I recently used some simoniz 'tough paint' from euro car parts when refurbish a subframe, I found it covered nicely and flowed out well leaving a decent gloss straight from the can.

I would imagine the same sort of paint would be fine on a radiator which shouldn't reach much more than 120c, and if it does you probably have more to worry about than the paint on the radiator!


----------



## mcflycossie (May 8, 2007)

Harry_p said:


> I recently used some simoniz 'tough paint' from euro car parts when refurbish a subframe, I found it covered nicely and flowed out well leaving a decent gloss straight from the can.
> 
> I would imagine the same sort of paint would be fine on a radiator which shouldn't reach much more than 120c, and if it does you probably have more to worry about than the paint on the radiator!

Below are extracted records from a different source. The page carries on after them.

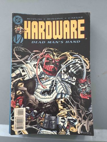 This is a physical copy of the DC Comics/Milestone Media comic book 'Hardware', specifically issue #42 titled 'Dead Man's Hand'. The cover art features the titular character of Hardware in a dynamic, high-detail action pose against a black background. The artwork displays complex mechanical details and a color palette dominated by white armor plating, red mechanical accents, and gold metallic flourishes. Printed in the mid-1990s (approx. 1996), the comic exhibits standard Modern Age dimensions (approx. 6.625 x 10.25 inches) with a glossy paper cover and staple-bound construction. Visible credits on the cover include creators Rozum, Rollins, and Caesar. Notable markings include the DC and Milestone logos, a Direct Sales barcode in the bottom left corner, and a price point of US $1.95 / CAN $1.50. Condition-wise, the comic appears to be in mid-to-high grade raw condition; there is visible blunting and minor color breaking at the top-left and top-right corners, along with light edge wear along the top of the front cover. The spine shows some minor stress lines. No major creasing, tears, or staining is immediately evident from the front view, though the page quality internally is unknown. The craftsmanship represents the intricate, tech-heavy artistic style prevalent in Milestone Media titles during this era.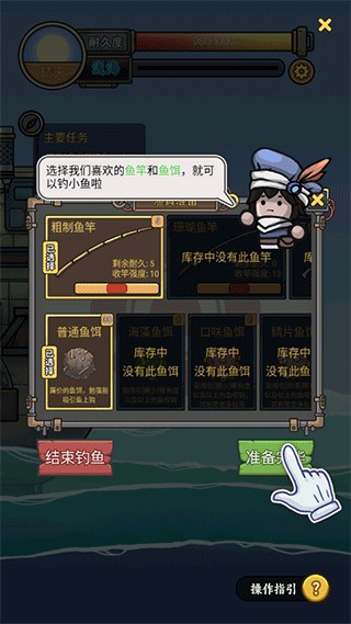 前期基础叉配海藻饵,升级渔船全靠叉鱼,等熟练后刷高级鱼,甲壳叉配高级饵。
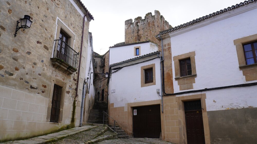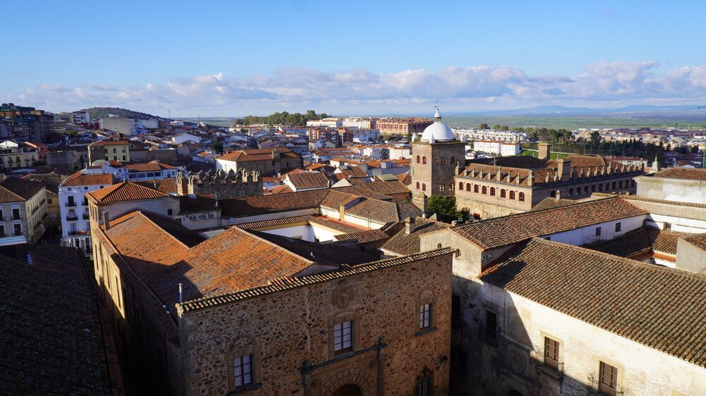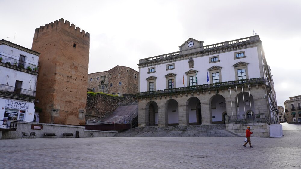И доехали мы до испанского города Касерес, который отчасти повторил судьбу португальской Иданьи, только с более резкими зигзагами взлётов и падений. Он также был основан римлянами в конце первого века до нашей эры и стал небольшим, но важным пунктом на римской дороге, связывающей столицу провинции Мериду с севером Испании. Во время вторжения вестготов городок забросили, а завоеватели-арабы через пару веков его снова восстановили. После отвоевания Касереса кастильцами он стал важным военным и сельскохозяйственным центром, снова, как и в прежние времена маленьким и богатым, когда и был застроен каменными дворцами местной знати. Но сельское хозяйство Испании пришло в упадок и город вместе с ним, что и законсервировало его позднесредневековый облик. Город настолько обезлюдел, что фактически перестал считать им считаться и повторно был повышен до статуса города аж в 1882 году. Сейчас это довольно крупный город, более ста тысяч человек, живущий образованием, чиновниками и туристами - здесь теперь есть свой университет и размещены многие органы управления регионом.

Did you use a primer before on this ? Looks a very good finish.

I am about to do a rear subframe so interested in looking at options.


----------



## mcflycossie (May 8, 2007)

Ignore my comment. Just seen you don't need primer.


----------



## Harry_p (Mar 18, 2015)

Yeah, just gave everything a really good wire brush first. You can see the diff case in the background of the tin photo.

I found it covered far better and was easier to build up a decent layer without runs than hammerite, the can lasted longer and was quite a lot cheaper.

Time will tell how long it lasts, but I was very happy with it.


----------



## dholdi (Oct 1, 2008)

That gloss looks nice, will try a can of that.
With regard to the rad, most I have seen are more of a satin finish.
I'm sure I've seen satin in that range at ECP.


----------



## hazza1190 (Feb 7, 2019)

Harry_p said:


> I recently used some simoniz 'tough paint' from euro car parts when refurbish a subframe, I found it covered nicely and flowed out well leaving a decent gloss straight from the can.
> 
> I would imagine the same sort of paint would be fine on a radiator which shouldn't reach much more than 120c, and if it does you probably have more to worry about than the paint on the radiator!


Sorry i didn't reply to this, i forgot to check responses!! But thank you for the reply, it looks great! I also need to do the sub frame. How many cans did you need to paint sub-frame in your photo?


----------



## Trix (Jul 1, 2006)

Auto K's range and quality are brilliant. Been using them for over 30 years. More expensive than the rest but you know the saying.

https://www.auto-k.de/en/


----------